Шумахер заметно злится.
— Чем интересно тебе мешают мои увлечения?
— Когда ты трезв, я тебя не так боюсь, как… когда ты в угаре. Ты меня жутко пугаешь, — глаза в глаза. Мне незачем скрывать свои страхи. Тем более, Родион сам спросил…
— Если мне не изменяет память, это ты пришла ко мне в клуб!
— Совпадение, — едва успеваю вставить реплику. От меня начинает ускальзывать логическая составная разговора.
— Сделала предложение.
— Первое и второе не взаимосвязаны, — лепечу, пытаясь более правильно расставить акценты.
— Я выдвинул ряд условий, — будто не замечая моих поправок, продолжает Шувалов. — Ты их приняла. То, что некоторые из них были весьма категоричны — согласен, — неопределенно взмахивает рукой. — Но это ты захотела быть со мной! — настаивает категорично. Мда уж, с этим не поспоришь. По крайне мере, не на больную голову, а голова, к слову, трещит так, будто попала в эпицентр созвучия нескольких Церковен в момент праздничной вечерни. — Мы обговорили условия, — ярится парень, — и наркотики там никаким образом не мелькали. Надо было это сразу озвучить! — оправдывается и поэтому нападает. Прекрасная тактика. Шувалов недовольно пыхтит, но потом смягчается. — Прости за горячность, — кивает коротко. — Я тебя тоже услышал, — заминка. — И если тебя страшит то, как я себя веду, когда нетрезв, тогда постараюсь себя контролировать, — подытоживает неуверенно, но с явным желанием угодить. — Тебя это устраивает? — с надеждой.
— Вполне, — отзываюсь обтекаемо, но себе пометку ставлю следить за Родионом и никогда не поворачиваться к нему спиной! Так советовал Егор…

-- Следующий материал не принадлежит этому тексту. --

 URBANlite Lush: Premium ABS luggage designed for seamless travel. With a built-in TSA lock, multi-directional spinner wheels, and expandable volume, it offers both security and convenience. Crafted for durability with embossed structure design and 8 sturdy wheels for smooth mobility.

Шувалов включает зажигание, и мы трогаемся…
Боже, дай мне сил. Не сдохнуть сегодня, завтра… на этапе, и позволь пожить чуточку дольше. Мелкая просьба, да и проситель не шибко велик для глаз и ушей создателя, но за великим к богу не ходят — сами добиваются, поэтому есть надежда… что услышит.

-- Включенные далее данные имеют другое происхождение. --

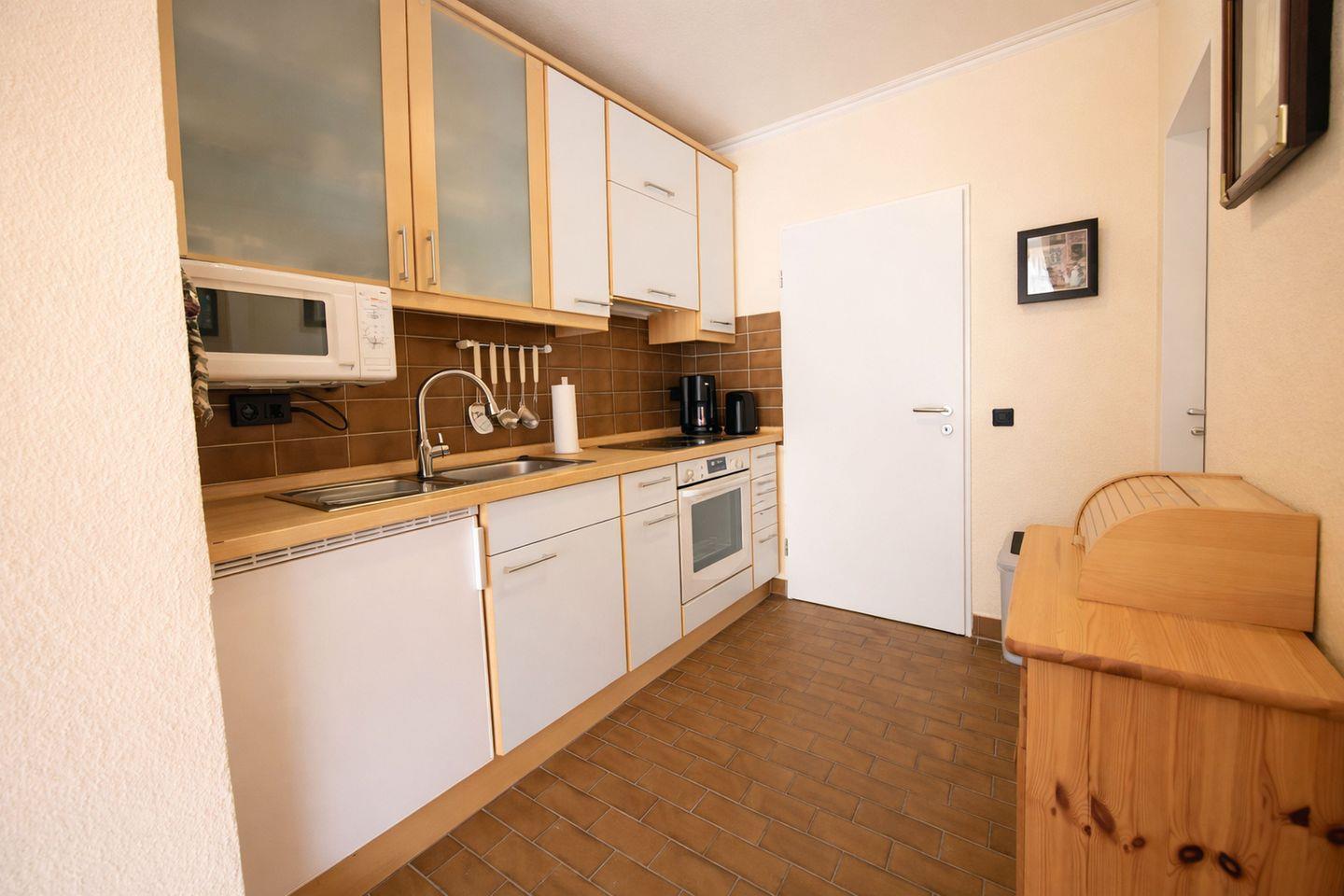 Die offen gestaltete Küche ist funktional und vollständig ausgestattet und lässt keine Wünsche offen. Sie verfügt über einen Backofen mit Ceranfeld, einen Kühlschrank mit Gefrierfach, eine Mikrowelle sowie eine Kaffeemaschine, einen Wasserkocher und einen Toaster, sodass Sie sich bequem selbst versorgen können. Direkt an die Küche schließt sich das Schlafzimmer mit einem komfortablen Doppelbett an, das erholsame Nächte garantiert. Das Badezimmer ist modern eingerichtet und mit Dusche, WC und Waschbecken ausgestattet.

С горечью поджимаю губы и пустым взглядом смотрю на пролетающий мимо город. Ночи светлые, молодежь гуляет несмотря на поздний час. Вот и парк минуем, где ребята на скейтах гоняют, роликах, гироскутерах, великах…
Мне завтра тоже придется педали крутить. Правда, в образе Харли…

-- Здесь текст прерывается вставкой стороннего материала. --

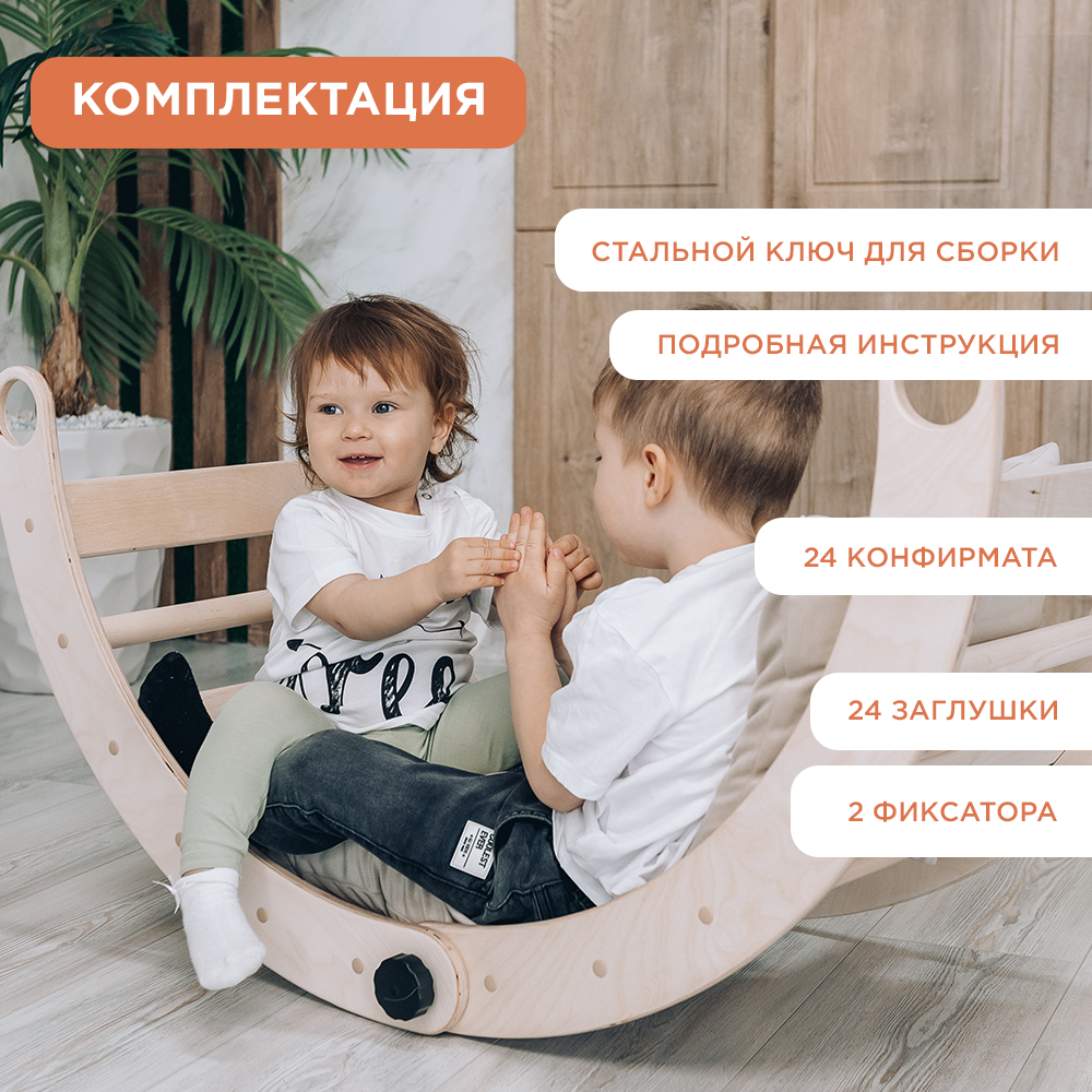 К качалке-трансформер можно докупить горку: Горка-лесенка с бортиками без покрытия - 551336483 Горка-скалодром бортиками без покрытия - 551333201

— Стоп! — брякаю так резко, что едва лбом не ударяюсь в панель с бардачком, когда Шувалов реагирует чуть ли ни секунда в секунду с командой. Авто, истошно взвизгнув, тормозит, наплевав, что становимся помехой. Нас тотчас оглушает возмущенное бибиканье машин, которые едут за нами, но из-за неадекватного нашего поведения на дороге, вынуждены реагировать экстремально и небезопасно, огибая по свободным полосам.
— Мне домой нужно, — озадачиваю парня виновато. — Можешь отвезти?
— Если горит, — после заминки, с неудовольствием, в голосе затаенный страх.
Молча начинает движение.
— Мне нечем краситься для турнира, — поясняю, желая успокоить волнение Шумахера.
Родион на меня косится так, будто с луны свалилась.
— Шум, у меня образ Харли, для этого грим наложить нужно.
— А, — кислеет лицо Шувалова. Поздно, но начинает догонять ход моих мыслей.
— А что самое важное… — добавляю с великой долей иронии, — велик-то дома.
— Бл***, - плюется Родион и даже головой так рьяно кивает, словно о руль головой хочет долбануться, — совсем из башки вылетело! — теперь полностью в теме парень. Даже улыбка довольная на губах играет.